3. I am pretty certain that the speakers are picking up radio signals (well, sounds like radio because I can hear the worst type of adult contemporary music imaginable!) and not cable signals. All the MORE reason I need to fix this!


If I'm not mistaken, there are small power wires that run vertically in the Quads. That's why they are electro-static speakers. I would think that this is where you antenna is.
What to do about it, I have no idea. You need Quad experts.

Good Luck,
Hi Michael,

Appreciate the advice, unfortunately, the Quad 22L is not an electrostatic speaker, but a normal speaker, though I wish I had the money to afford a pair of electrostatic speakers from Quad! :(


It's your pre-amp's xlr outputs. Contact Marsh and see what they say, could be something miss wired internally that is ok when you run single ended. I don't understand your 'jumper' description, I thought newer W-5's had a switch to select xlr or rca inputs. It's a bummer problem since both your W5 and the Marsh are suppose to have improved sound if run balanced. Go back to SE connection in the meantime so you don't go crazy. ;-)
Hi Nick,

It has been a rather depressing couple of weeks. Let me explain:

- I tried out the Cardas XLR and RCA caps, no luck!
- I took my pre amp to my local hi end store and hooked it via the XLR interconnects I use at home, perfect, no issues, no noise!
- I will take both my amp and pre amp to the store and basically try to recreate conditions at my house, if there is a problem then I am on the right track, if not then there is something very wrong with wiring at my house which could mean an expensive visit from the electrician!

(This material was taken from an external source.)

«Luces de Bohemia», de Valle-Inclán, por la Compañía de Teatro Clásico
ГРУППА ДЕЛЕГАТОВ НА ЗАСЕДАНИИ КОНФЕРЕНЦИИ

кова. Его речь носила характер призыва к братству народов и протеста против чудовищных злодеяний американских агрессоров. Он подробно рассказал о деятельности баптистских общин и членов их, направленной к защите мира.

Keeping my fingers crossed!

Good luck, sounds like a nightmare. There are electric plug testers that just plug in the wall and give you green light or red light to check wiring. Just ask at a hardware store. Taking the whole set to the shop or at least some friends house may be the only way to figure it out.

Cheers, Nik
Hi Nick,

It seems all my components are totally fine - they worked perfectly at the store with all the cables I use at home in balanced mode, no noise issues what so ever. Not a thing wrong with my electrical socket either, I got a Transparent Labs line tester installed on my outlet and the line was diagnosed as having no problems.

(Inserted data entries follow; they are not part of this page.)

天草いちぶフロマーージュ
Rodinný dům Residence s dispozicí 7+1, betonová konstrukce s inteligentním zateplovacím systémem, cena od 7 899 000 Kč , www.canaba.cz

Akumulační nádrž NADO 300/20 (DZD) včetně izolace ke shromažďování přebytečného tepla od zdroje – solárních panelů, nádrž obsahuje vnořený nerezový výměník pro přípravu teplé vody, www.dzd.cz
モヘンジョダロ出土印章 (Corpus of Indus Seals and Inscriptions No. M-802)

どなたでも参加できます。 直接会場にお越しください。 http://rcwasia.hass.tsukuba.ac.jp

Even the most well read and hardcore stereo guru is stumped by my dilemma! No one seems to have an answer; I am hoping that if I install a new audiophile power socket it might help though chances are slim!

Still hoping,

Khalid (I may have to move house!)
You might also consider a power regenerator from PS Audio (like the P600), which converts your home's AC power into DC and then re-generates it as AC with perfect sine waves (or something like that...check out their website for details). From what I've read, no power conditioner (including the expensive highly-touted ones) can clean a signal to the purity of the one that the PS Audio units generate, because (since they are just fancy filters) they still rely on the power being well generated (by your power compnay, I suppose).
Hi everyone,

I have moved to a new house and NO problems! No noise, all xlr connections work just fine. Still, it would be great if someone could come up with a technical explanation of what happened at my old place.

If someone has the spare time and insight, it would be helpful for others pulling their hair out over this.

This is a classic symptom of interference from an AM radio transmitter. For FM and television (which uses FM for the sound), RF interference won't actually de-modulate the audio from the station.

The most likely cause of what you describe would be a mistake in the design of the ground traces or wiring on either your preamp or power-amp, whereby the RF crawling around on the interconnect shields (which is where it's supposed to be), gets somehow injected into the signal conductors.
Thank you for that Kirkus. I hope that this weak point has been addressed by Simaudio in their newer designs.